Personal information
- Nationality: British
- Born: 26 November 1985 (age 40) Reading

Sport
- Club: Reading University BC

Medal record
Men's Rowing
Representing Great Britain
World Championships
| Silver medal – second place | 2014 Amsterdam | M4x |
| Bronze medal – third place | 2013 Chungjiu | M4x |
European Championships
| Silver medal – second place | 2014 Belgrade | M4x |
| Bronze medal – third place | 2015 Poznan | M4x |

= Sam Townsend =

British rower (born 1985)

Sam Townsend (born 26 November 1985 in Reading) is a British rower who competed at the 2012 Summer Olympics and 2016 Summer Olympics.

==Rowing career==
Townsend competed in the double sculls with Bill Lucas at the 2012 Olympic Games rowing events, finishing in fifth place.

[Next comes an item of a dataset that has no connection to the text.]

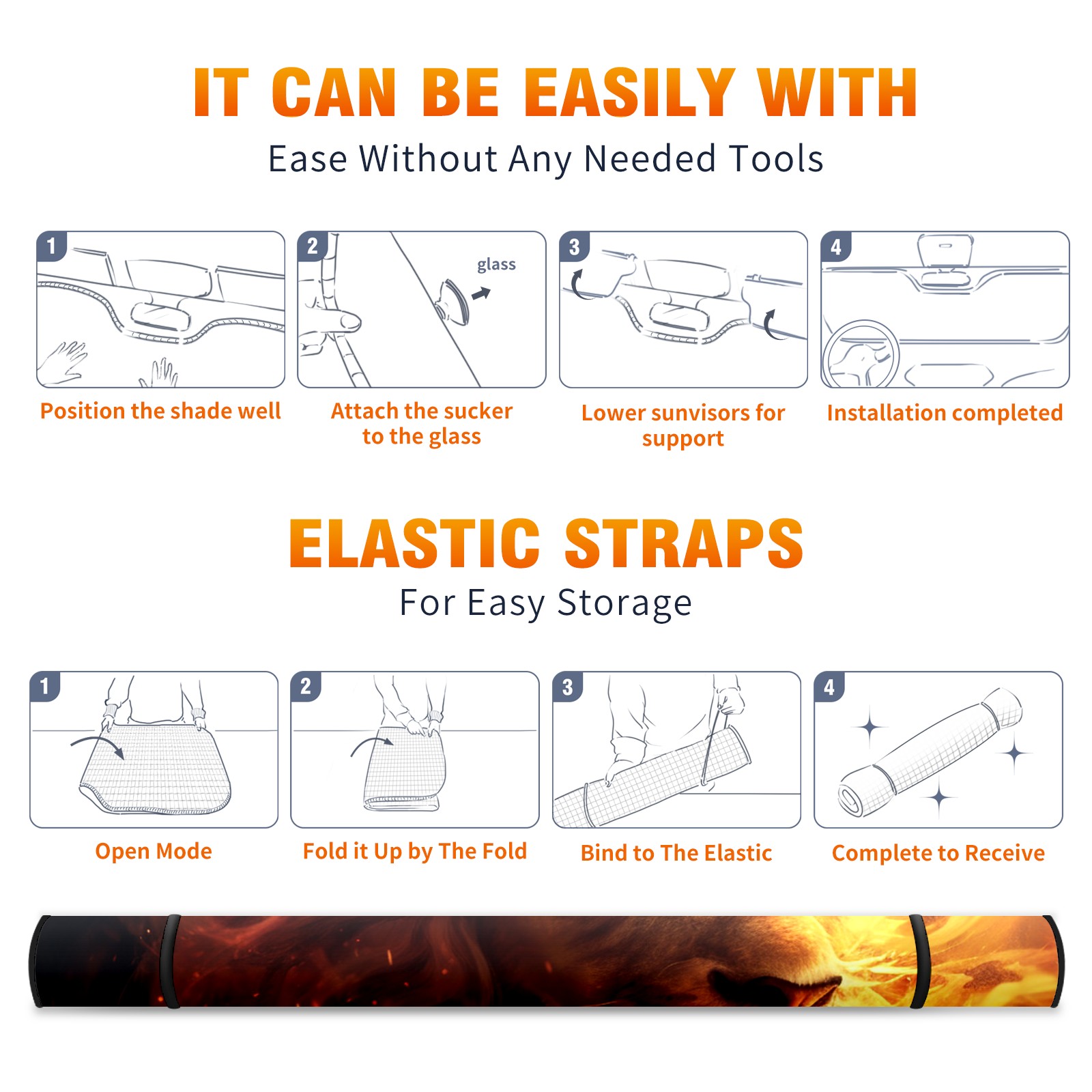 <b>ZXIVGOQFR Foldable Premium Car Windshield Sunshade is your great solution to reduce your car’s interior temperature dramatically! This is definitely a must-have item for your summer travel! </b> <br> ●<b>Size: 63"L x 33.5"W </b> <br></b> ●<b>Blocking Uv Rays & Heat Insulation<br></b> Our vehicle sunshade provides effective UV, sun, and summer heat protection .Maintains dashboards by preventing fading and cracking <br> ●<b>Easy-To-Store Folding Design Makes Storage Convenient <br></b> ZXIVGOQFR car sunshades come with removable suction cups and elastic bands that you can install easily and quickly, and the removable suction cups will not leave any marks on your windows when removed. Within seconds, windshield visor can be installed and removed. When not in use,the front windshield can be easily and effectively placed on the door pocket or the dashboard, which is beautiful and does not take up space in the car.<br> <br> <b>PUT UP A 'PROTECTIVE UMBRELLA' FOR YOUR BELOVED CAR!</b>
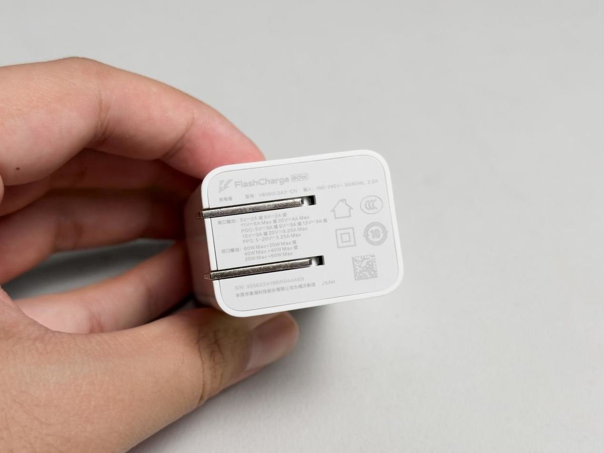 一代折叠屏上的双 C 口 80W 氮化镓充电头在这一代依然得到了保留,这个还是值得大力称赞的,毕竟半年过后,还是没有其他厂商跟进这个设计。在外出差的时候只需要带这一个充电头就足够了,可以同时给手机和笔记本电脑供电,还有可折叠的插脚,体积小巧,携带起来更加方便,还是建议其他厂商可以跟进一下。

He competed at the 2013 World Rowing Championships in Chungju, where he won a bronze medal as part of the quad sculls with Graeme Thomas, Charles Cousins and Peter Lambert. The following year he competed at the 2014 World Rowing Championships in Bosbaan, Amsterdam, where he won a silver medal as part of the quadruple sculls with Thomas, Cousins and Lambert.

In 2016 he went to his second Olympic Games competing in the quadruple sculls with Jack Beaumont, Angus Groom and Peter Lambert.

==Personal life==
His wife, Natasha Page, is also an Olympic rower.